Хлопнула дверь, и в избу вошел Васятка, таща за собой поклажу.

– Ну, как – прибрал?

– Сейчас, еще принесу! – заторопился Васятка, глянув на сумрачное лицо сотника, и выскочил из горницы.

За две недели совместного пути от Верхотурья его отношение к Пущину резко изменилось. Если сначала он был для него просто новым человеком, интересным, то теперь он стал побаиваться его. Правда, за сотником было сытно, надежно, но воли убавилось. И он смутно почувствовал, что теперь все пошло совсем в иную сторону, чем туда, куда его звала натура…

На следующий день Пущин и Деев пришли на съезжий двор.

Иван махнул веником по сапогам и вошел в воеводскую. За ним порог избы переступил и Тренька.

В просторном помещении вдоль стен тянулись лавки. В дальнем углу, в закутке, виднелся большой воеводский стол. Посередине же, прямо под матицей, стоял коротенький покатый столик, а за ним горбился дьяк Нечай Федоров и что-то писал, аккуратно макая в чернильницу гусиное перо.

– А-а, Пущин, здорово! – поднял он голову. – И ты здесь, – узнал он Треньку.

Сотник и атаман поздоровались с ним.

– Вы подождите, посидите, – сказал он им.

Пущин и Деев сняли шапки и сели на лавку.

В горнице было тихо. Слышался только слабый скрип пера и тяжелое дыхание дьяка, которого, судя по его усохшему желтоватому лицу, донимала какая-то грудная хворобушка.

Закончив писать, дьяк встряхнул над бумагой песочницей, отложил в сторону перо и спросил их: «Ну что – домой, или как?»

– Домой, – сказал Тренька и кивнул головой на Пущина: «А он к новому месту».

– И куда же?

– В Томск, – нехотя ответил Пущин.

– Далече же тебя дьяки-то послали, – усмехнулся Федоров, и в глазах у него мелькнула тщеславная гордость за свое сословие. Вот-де каковы они, эти дьяки, неродовиты, а захотят, и пойдет мил сын боярский, или сам князь, туда, куда пошлют. А послать могут далеко, аж на самый край государевой земли. Вот как этого сотника – в Томский острог. Это же дальше некуда. Дальше разве что в киргизы, к тому же князцу Номче, или в тунгусы.

Пущин мрачно взглянул на болезненное лицо дьяка и подумал: «Встретился бы ты мне где-нибудь в тесном закутке! В момент укоротил бы на дурную башку!»…

Дьяк заметил напряженный взгляд сотника и сменил тему разговора. Он хорошо знал, как надо поступать, чтобы и дело делать и самому не забываться.

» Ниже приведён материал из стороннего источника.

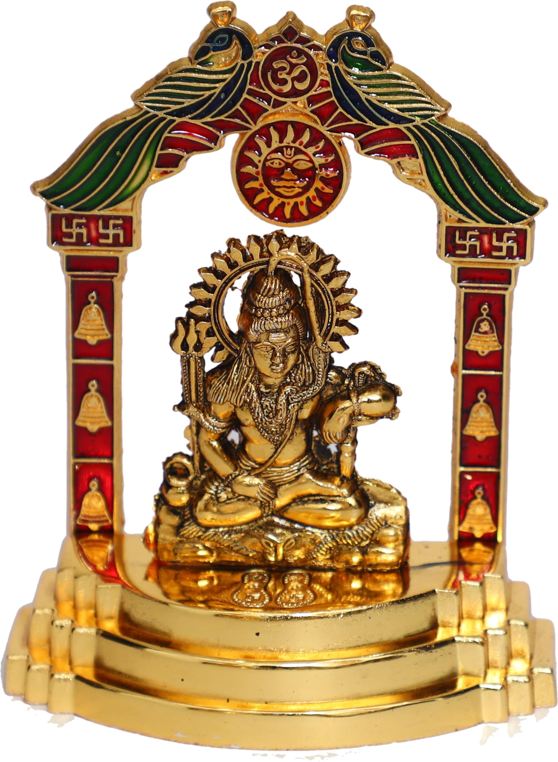 DHOKRA CRAFT Metal Golden Finish Shiva Statue. Shiva Staute is gold plated with antique finish so looks very beautiful and use for the purpose of worship and for home decorative. It's design to looks traditional stylish and inspiration from the day's of royal touch that is made in white-metal casting with silver antiques finish white metal to bring elegance to your home. This is hand made handcrafted items use it to religious worship of god&goddess. That is use and utility items & an ideals gift it to your dear once to pass on your best wishes that is an ideal gift for have House warming anniversaries birthday wedding gifts return gifts corporation gifts religious-gifts & Indian festivals. Our White Metal Gold Plated Shiva Idol is an impressive piece of art that is made from the finest-grade raw materials and intricately designed by our teams of adroit designers and craftsmen using high-end technologies.

«Уж больно сердит этот сотник, – мелькнуло у него. – Ну да ладно, пускай будет сердитым, лишь бы исполнял государеву волю»…

– Сейчас Борис Иванович подойдет. Грамотку тебе придется захватить в Сургут, к Волынскому… Ох, и повезло же тебе, Пущин! От одного брата – к другому, – расплылся он улыбкой. – В Сургуте-то спокойно, а вот под Томском тревожно. Как – не боишься ли?

– Нечай Федорович, ты говори, да не заговаривайся, – с усилием улыбнулся Пущин.

– И я о том же – беречься надо бы! Вот и в Томск, Василию Васильевичу, отписали, чтобы бережно жил от киргизов и от колмака то ж!

– А ты думаешь, Волынский не знает, как говорить с инородцами? – спросил Тренька дьяка.

– Да знамо, знамо, что знает! – замахал тот на него руками. – Пятый годок уже в Томском! Знамо, да государь велит напоминать, чтоб урону городкам не было!

В сенях заскрипели половицы под чьими-то тяжелыми шагами, и дверь широко распахнулась. В избу по-хозяйски уверенно вошел тобольский воевода князь Катырев-Ростовский, а не его помощник Борис Нащокин, которого ожидал дьяк.

Стольник Иван Михайлович Катырев-Ростовский был крупным молодым мужчиной с окладистой бородой и приятным упитанным лицом. В Тобольске он был воеводой всего только второй год. И это воеводство обернулось тяжкой скорбью для его жены Татьяны Федоровны, дочери бывшего боярина Федора Романова-Юрьева, а в сию пору ростовского митрополита Филарета: та постоянно болела. А от чего – то было неведомо и лекарю. Говорит, место не по ней, холодное, болот вокруг много, вот-де та сырость и донимает ее. Про то она и кашляет по осени и зимой.